Currently, metaX provides a function for metabolite identification based on the Human Metabolome Database (HMDB) , KEGG [32, 33], MassBank , PubChem , LIPID MAPS , MetaCyc  and PlantCyc (www.plantcyc.org). Moreover, metaX can easily be extended to support the other databases. The metabolites having molecular weights within a specified tolerance to the query m/z or molecular weight value are retrieved from the databases as putative identifications.

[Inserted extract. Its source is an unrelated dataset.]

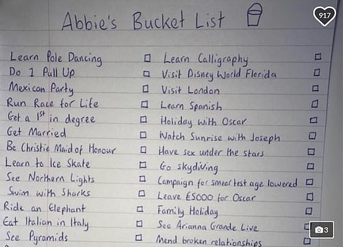 Abbie’s sister, Christie, set up a fundraising page for the 21-year-old and shared the bucket list her sister came up with.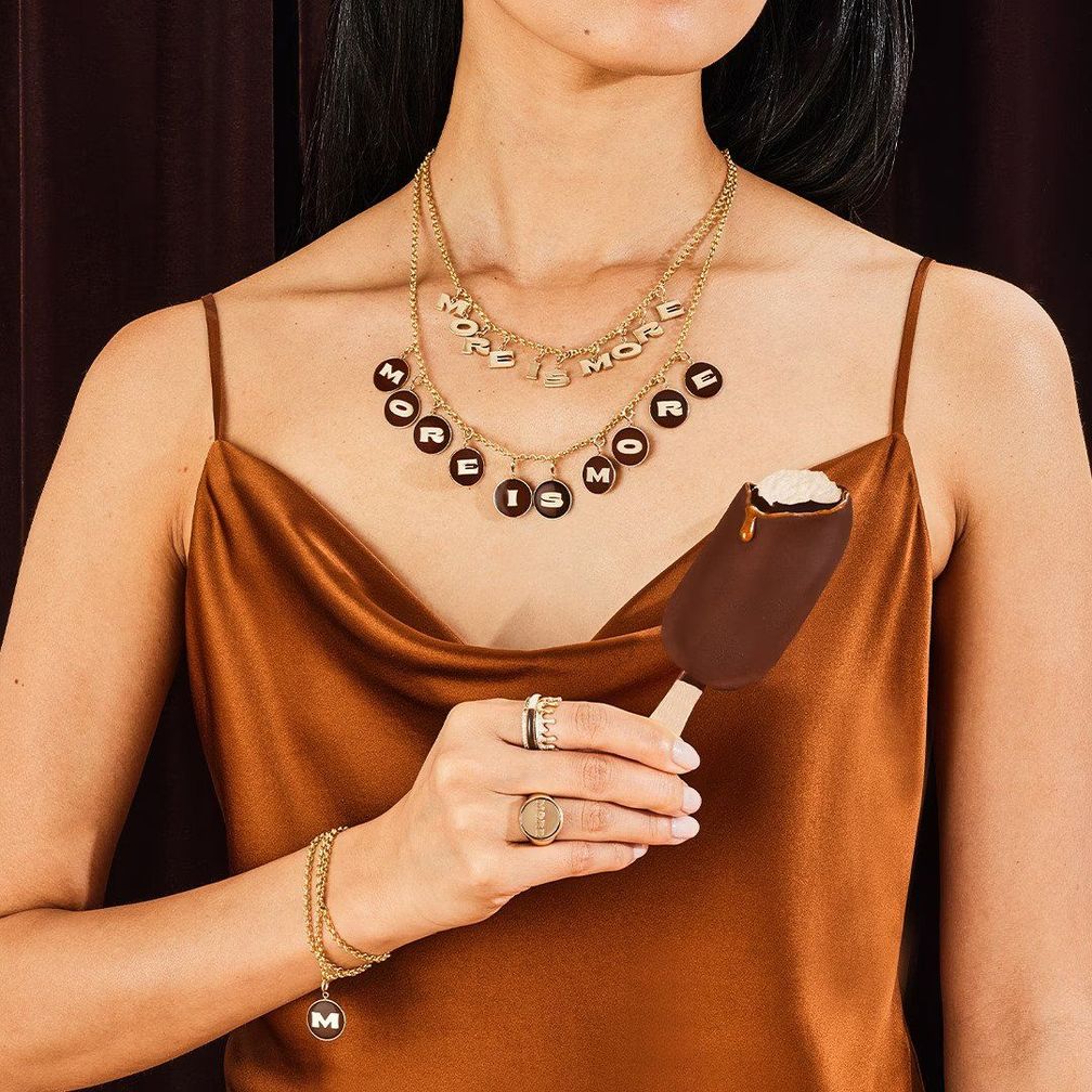 Стефани Готлиб (Stephanie Gottlieb) в ювелирном деле — то же, что Magnum в мире мороженого. Шоколатье мороженого и хранитель очаровательных ювелирных украшений объединили свои усилия, чтобы потворствовать максималистскому мышлению. Благодаря знаменитому дизайнеру украшений Стефани Готлиб, эти декадентские угощения перекочевывают из ваших рук на пальцы и шею. Коллекция украшений More is More черпает вдохновение в легендарных многослойных плитках мороженого Magnum.

The information of adducts and isotopes is utilized to assist in metabolite identification if it is present. The default tolerance is 10 ppm.
At present, metaX provides a function for metabolite pathway analysis based on IMPaLA .
metaX uses functions from the R package “caret” to perform the biomarker selection, model creation and performance evaluation . Currently, two methods, random forest  and support vector machine (SVM), are implemented to automatically select the metabolites which show the best performance. After the best set features are selected, a randomForest model can be created and the ROC curve can be plotted.
metaX outputs an HTML-based report by using the Nozzle package , which contains quality assessment plots and other analysis results.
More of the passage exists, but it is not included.